AbjadGenEval: Abjad AI Generated Text Detection Shared Task for Languages Using Arabic Script
Hosted with AbjadNLP Workshop within EACL 2026 Conference
1. Overview of the Shared Task
The rapid expansion of user-generated content across social media, digital news platforms, and online communication has created a growing demand for sophisticated Natural Language Processing (NLP) techniques to distinguish between human-written and machine-generated text. Recent advances in multilingual Large Language Models (LLMs) have made it increasingly difficult to identify AI-generated content, particularly in low-to-medium resource languages.
This shared task, AbjadGenEval, focuses specifically on languages utilizing the Abjad (Arabic) script, covering Arabic, Urdu, and Persian.

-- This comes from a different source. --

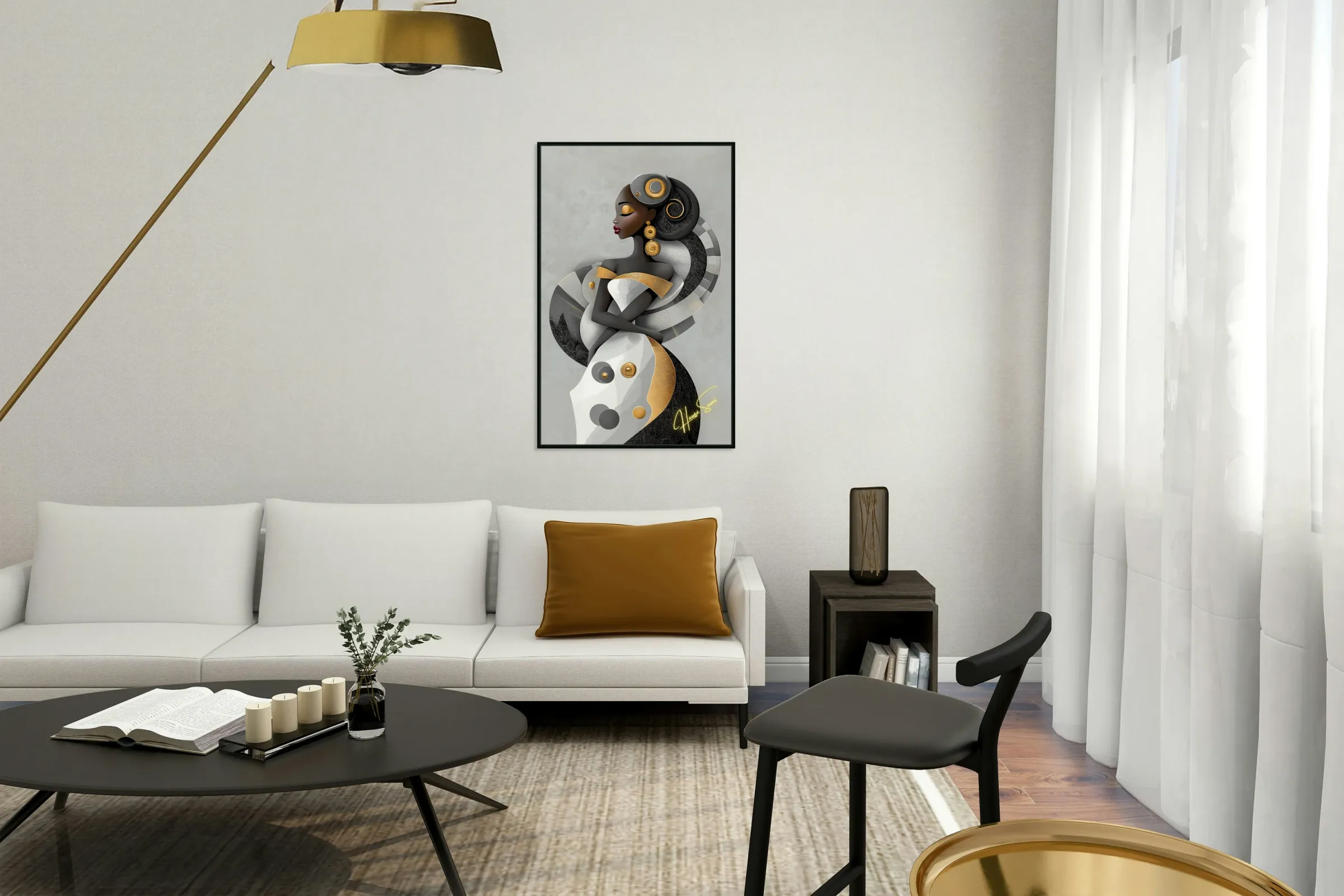 “Wrapped in Royal Geometry” celebrates the harmony of structure and soul. This queenly figure wears her crown in coils and orbits—where fashion meets Afrofuturism. Her bold red lips and golden accents nod to high glamour, while the swirling background honors the sacred shape of eternity and the rhythms of African artistry. Perfect for collectors of futuristic Black art or bold cultural expressions. Color Description: Rich charcoal black, soft pewter grey, and warm ivory, accented with sun-kissed gold, deep cherry red, and textured detailing that evokes a sense of movement and elegance.

While AI detection tools are maturing for English, performance often degrades significantly for Abjad languages due to complex morphology, script specificities, and varying degrees of data availability.
We invite participants to develop robust models for the following main task:
- Abjad AI-Generated Text Detection (Binary Classification): Distinguishing between human-written and AI-generated text across Arabic, Urdu, and Persian.
2. Motivation
AI-generated text detection is critical for maintaining information integrity in education, journalism, and social media. The motivation for launching this shared task arises from the increasing capabilities of LLMs in generating fluent text in Arabic, Urdu, and Persian, combined with the lack of robust detection benchmarks for these specific languages.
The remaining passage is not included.